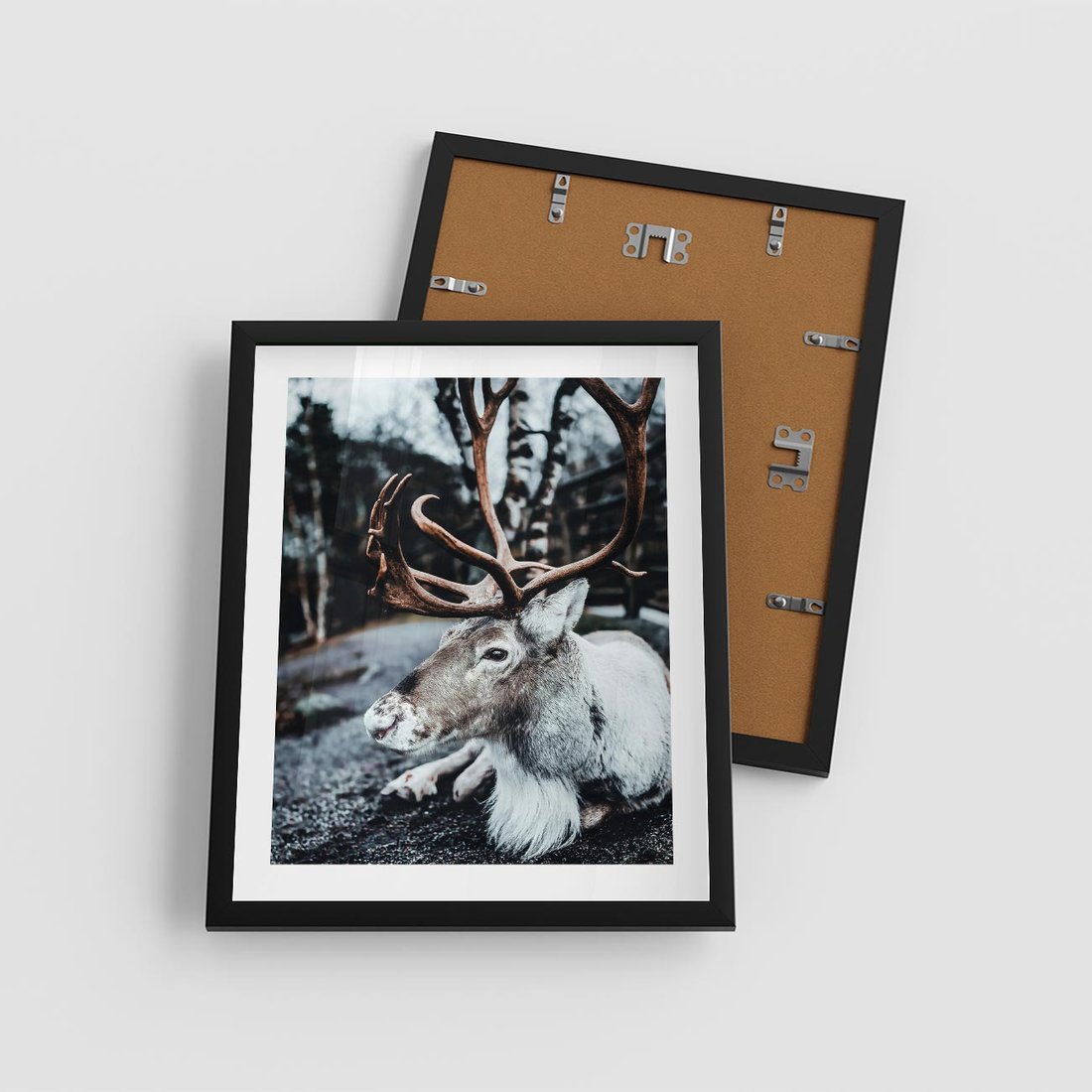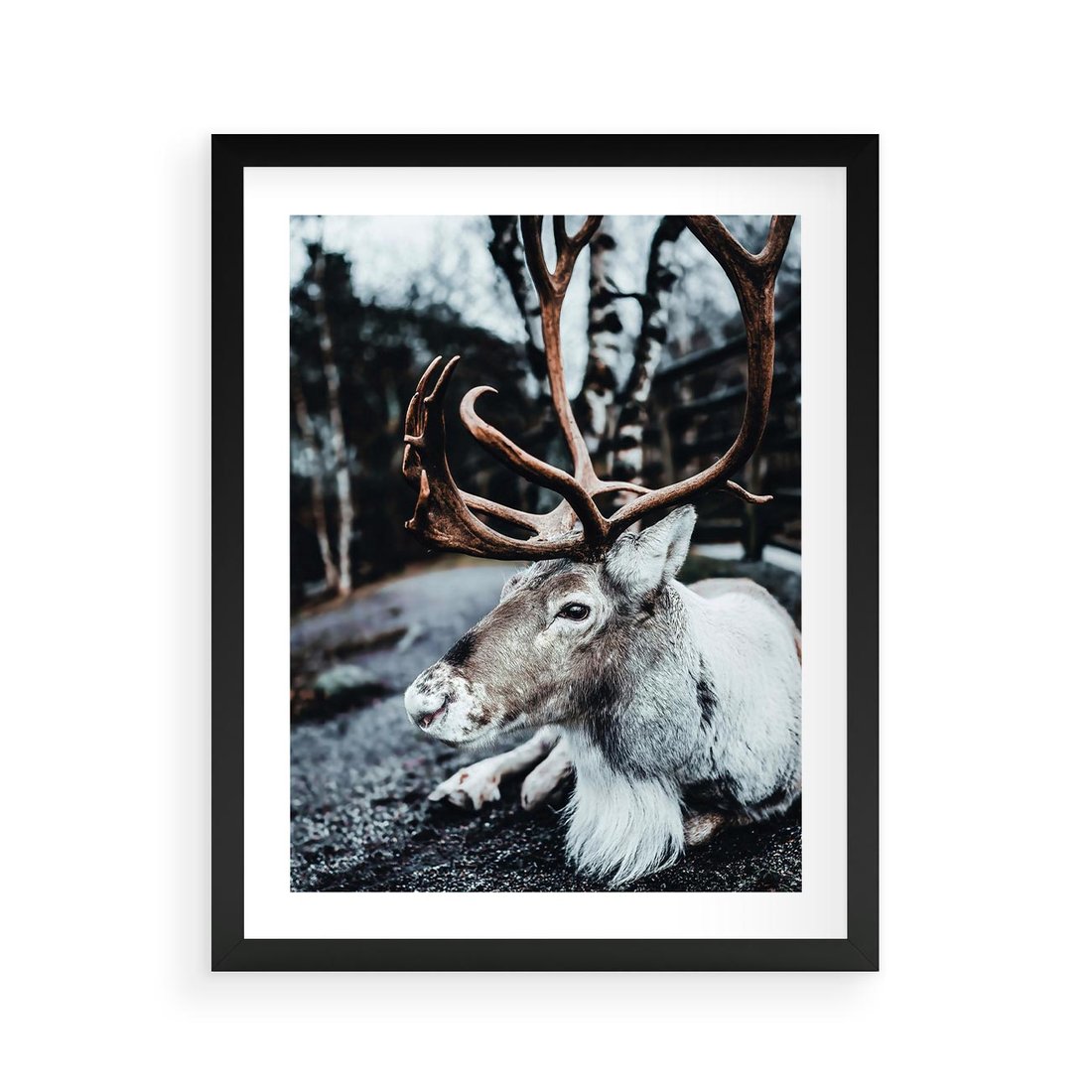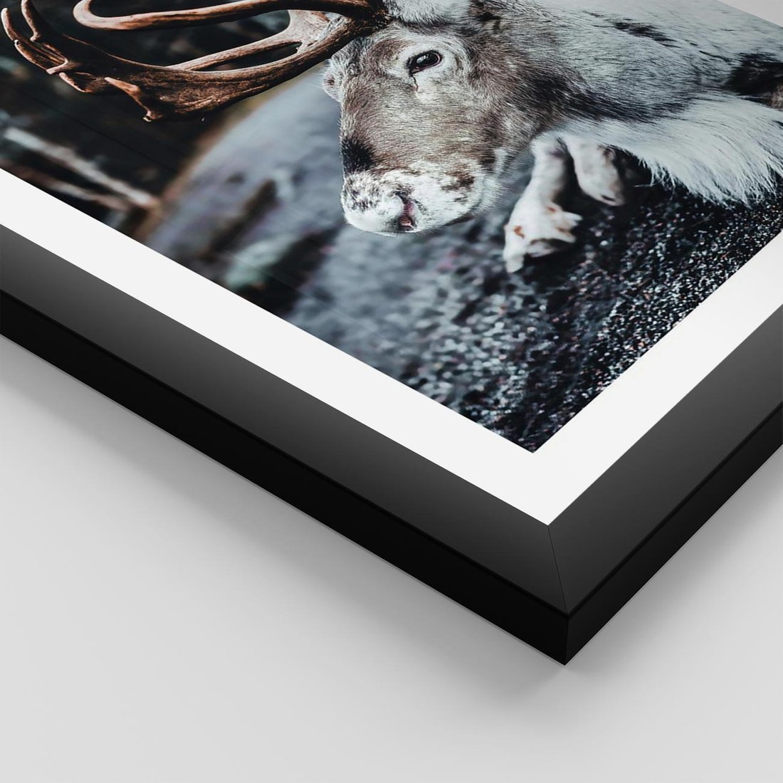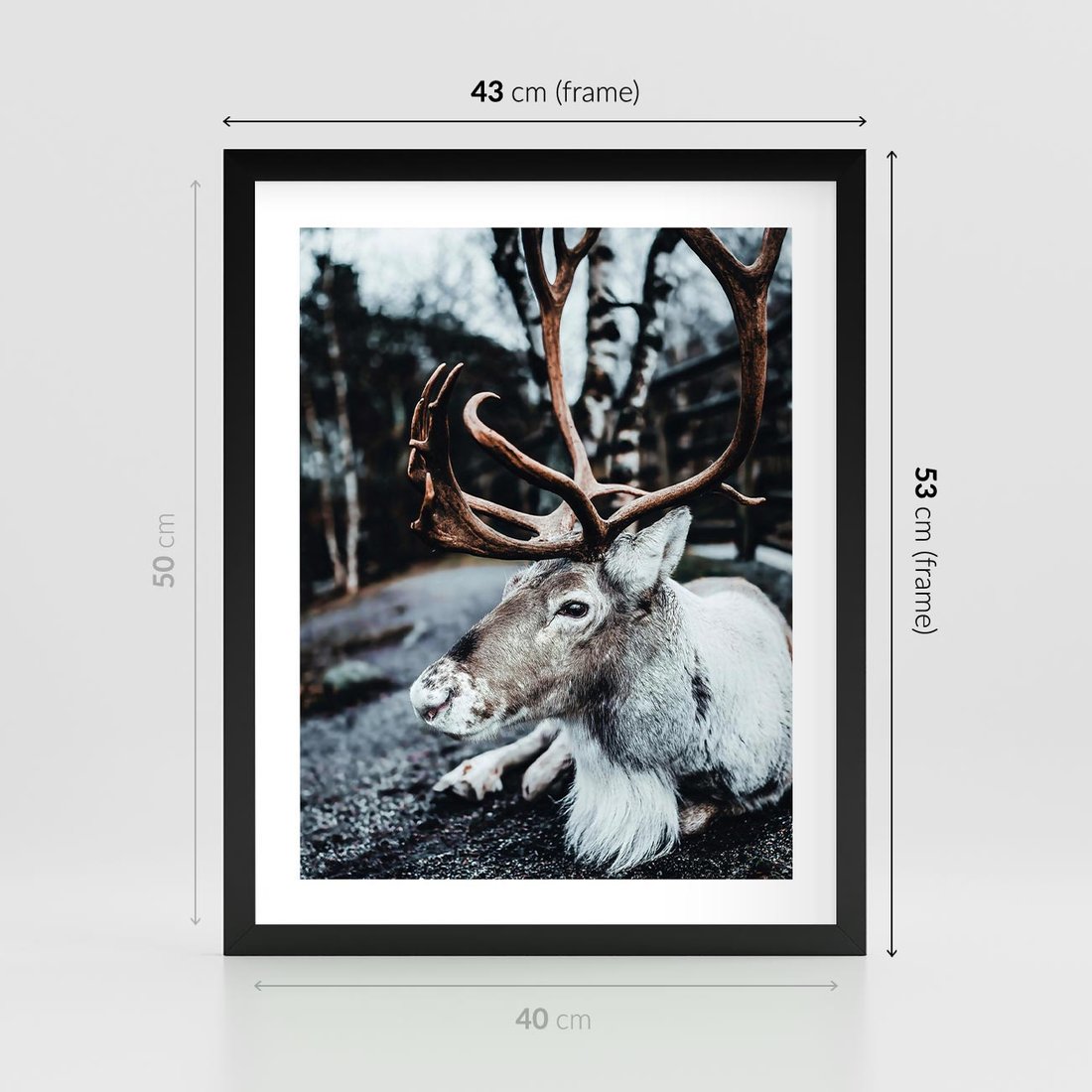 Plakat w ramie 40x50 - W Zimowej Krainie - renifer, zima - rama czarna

--------------------------------

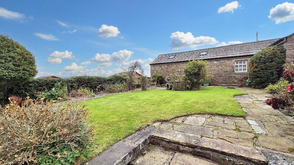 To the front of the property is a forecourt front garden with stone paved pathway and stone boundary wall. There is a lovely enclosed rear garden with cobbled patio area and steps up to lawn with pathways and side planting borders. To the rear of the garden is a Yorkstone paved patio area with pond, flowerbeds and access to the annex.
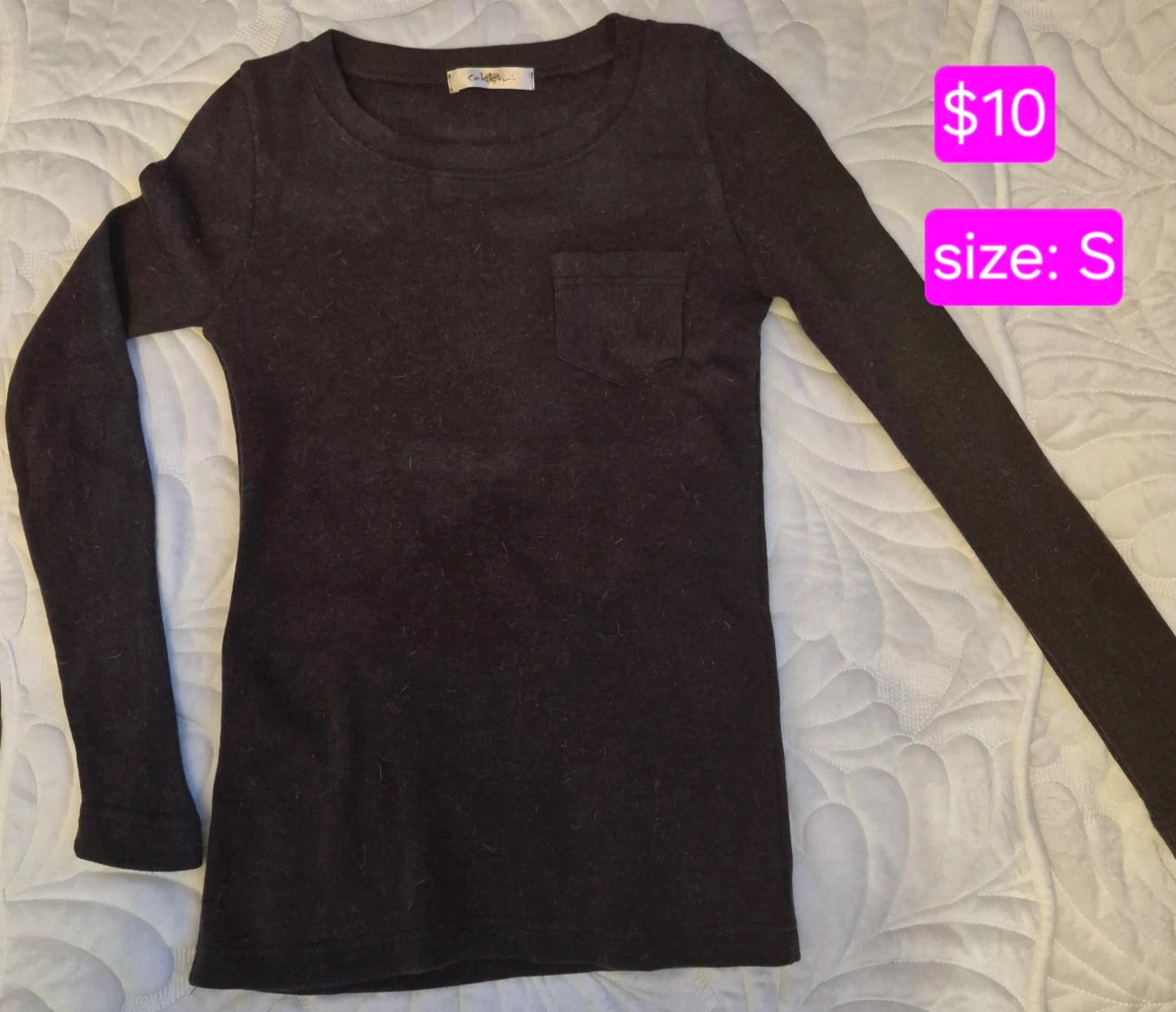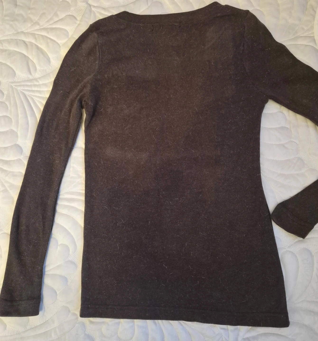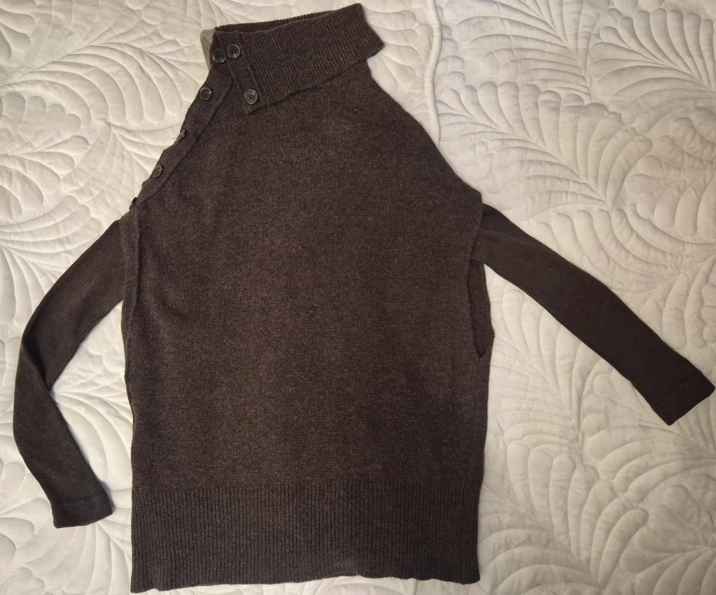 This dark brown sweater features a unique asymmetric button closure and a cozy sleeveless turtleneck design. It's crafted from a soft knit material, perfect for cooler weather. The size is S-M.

--------------------------------

Each line above that falls between the line with "To the front" and the line with "This dark brown" should be printed exactly, together with those two lines, but the pictures should not.

 To the front of the property is a forecourt front garden with stone paved pathway and stone boundary wall. There is a lovely enclosed rear garden with cobbled patio area and steps up to lawn with pathways and side planting borders. To the rear of the garden is a Yorkstone paved patio area with pond, flowerbeds and access to the annex.
 This dark brown sweater features a unique asymmetric button closure and a cozy sleeveless turtleneck design. It's crafted from a soft knit material, perfect for cooler weather. The size is S-M.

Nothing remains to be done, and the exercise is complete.